| |
History
of Immigration Continued
Population
figures show significant rural depopulation in Cape Breton between
1891-1901, as many people were drawn to the coal mines or to
the steel plants at Sydney and Sydney Mines.
By the late 1890s and early 1900s, Canada's Minister of Interior,
Sir Clifford Sifton, had implemented a vigorous campaign to
attract immigrants to meet the country's employment needs. Many
were attracted by a recruitment campaign in foreign nations
initiated by the Dominion Coal Company and the Dominion Iron
and Steel Company. Company agents were often at the landing
points for the Dominion Coal Company and the ad that likely
was seen in many foreign countries read like this:
The Dominion Coal Company of Sidney [sic] Canada North America
undertakes to furnish employment which will pay you $2.00 to
$5.00 per day.
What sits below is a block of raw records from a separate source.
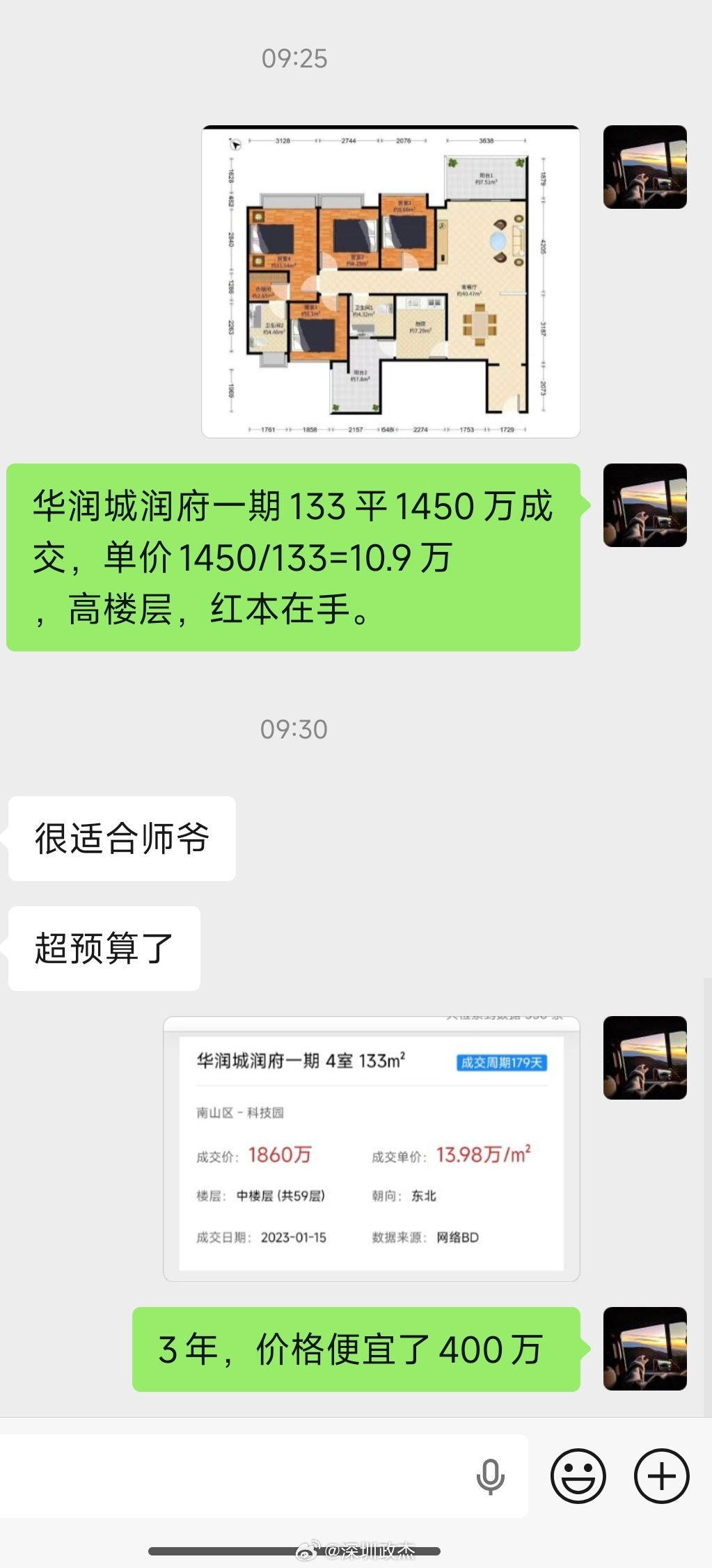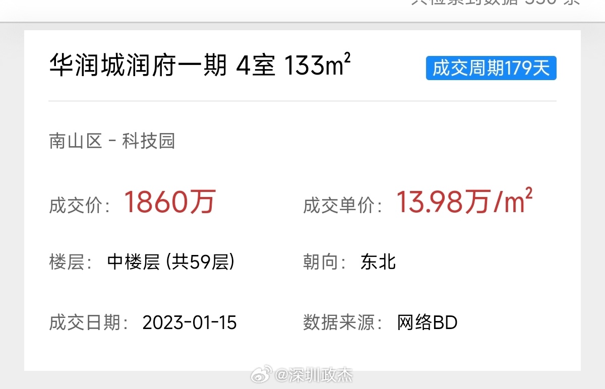 润府一期133平1450万成交,单价1450/133=10.9万,高楼层,红本在手,东北朝向。阳台景观参考图4,实际楼层更高。 深圳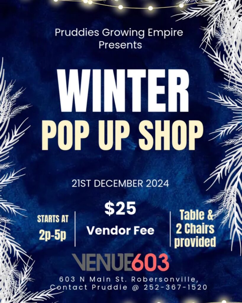Local holiday shopping event by Pruddie’s Growing Empire, a Winter Pop Up Shop at Venue 603 in Robersonville.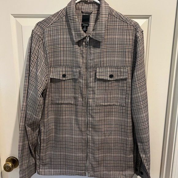 H&M men’s jacket; zippered front; 2 breast pockets with button flaps; side pocket on each side; worn once; like new; 21” pit to pit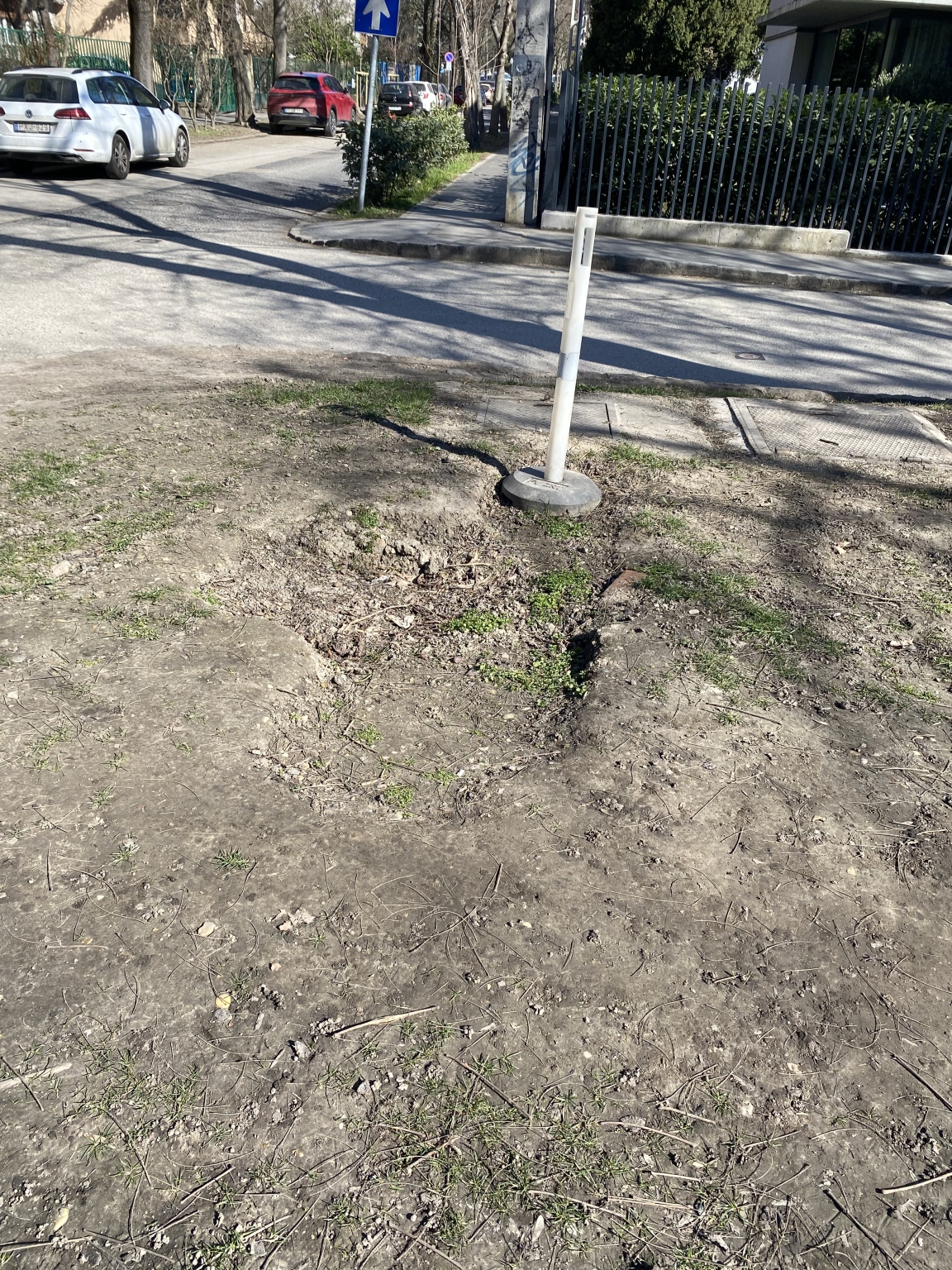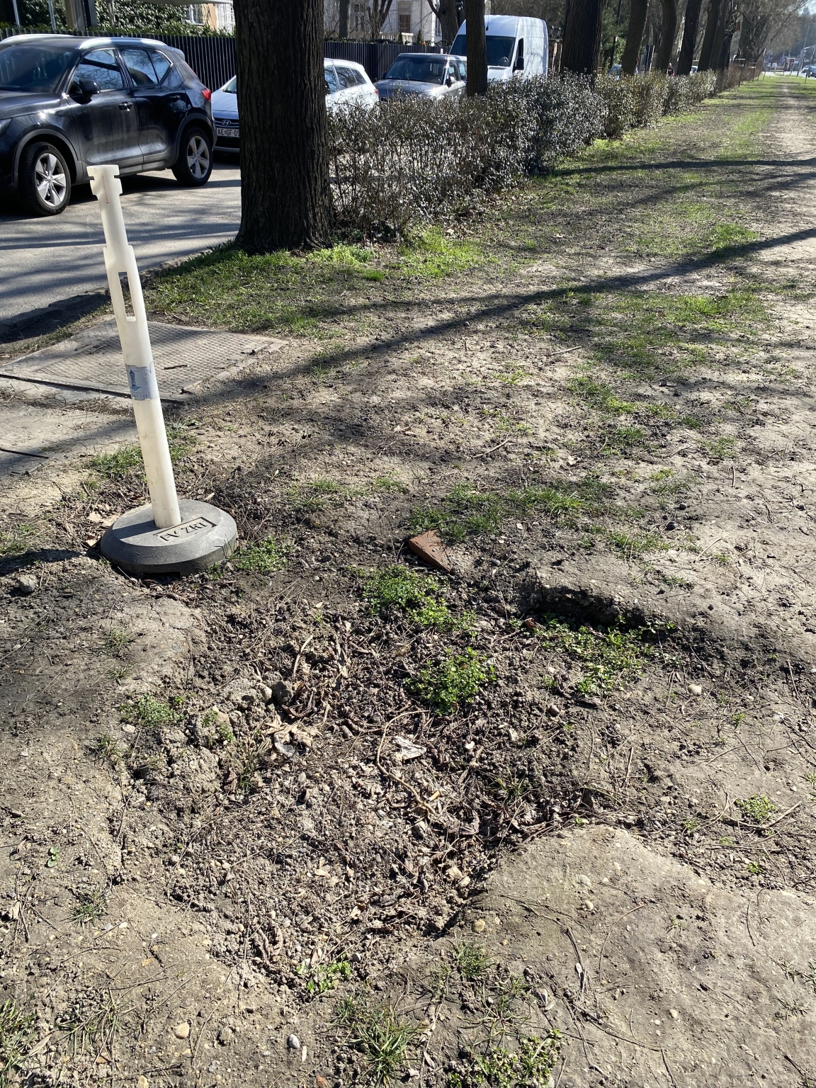 Ez a terület korábban füves zöldfelület volt, amelyet a munkálatok során teljesen tönkretettek. Kérem a terület rendezését és a zöldfelület eredeti állapotának helyreállítását.

Emigrants would have to go via Thieste (Austria)
and there sign contracts concerning their future employment
and wages. The steamship fare is $50.00 paid in advance.
Construction workers were brought from Pittsburgh, as were Italian
contract labourers from Boston, to build the new steel plant
at Sydney. However, the nature of underground work made it necessary
for a worker to know even rudimentary English for safety's sake.
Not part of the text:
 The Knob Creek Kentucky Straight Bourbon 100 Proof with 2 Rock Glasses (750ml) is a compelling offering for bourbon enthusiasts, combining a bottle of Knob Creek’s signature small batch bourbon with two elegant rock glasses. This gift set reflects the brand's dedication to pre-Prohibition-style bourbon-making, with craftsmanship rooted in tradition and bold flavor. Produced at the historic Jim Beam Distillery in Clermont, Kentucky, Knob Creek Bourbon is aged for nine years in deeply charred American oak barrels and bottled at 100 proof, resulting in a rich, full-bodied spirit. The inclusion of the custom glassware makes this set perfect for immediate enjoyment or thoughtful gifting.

This and the fact that the Dominion Coal Company started operations
seven years prior to Dominion Iron and Steel Company, helps
to explain the lower proportion of non-Anglo-Saxons within the
mining populations.
The company also brought in extra labour during times of strike.
They would use immigrants to cross picket lines to maintain
mining operations. In 1909-1910, the Dominion Coal Company would
not recognize the U.M.W. and workers were imported from rural
Cape Breton, the British Isles and Eastern Europe to bolster
P.W.A. supporters and operations.
It was quite apparent that the new unskilled arrivals were attracted
to employment prospects in industry, since many settled in "company"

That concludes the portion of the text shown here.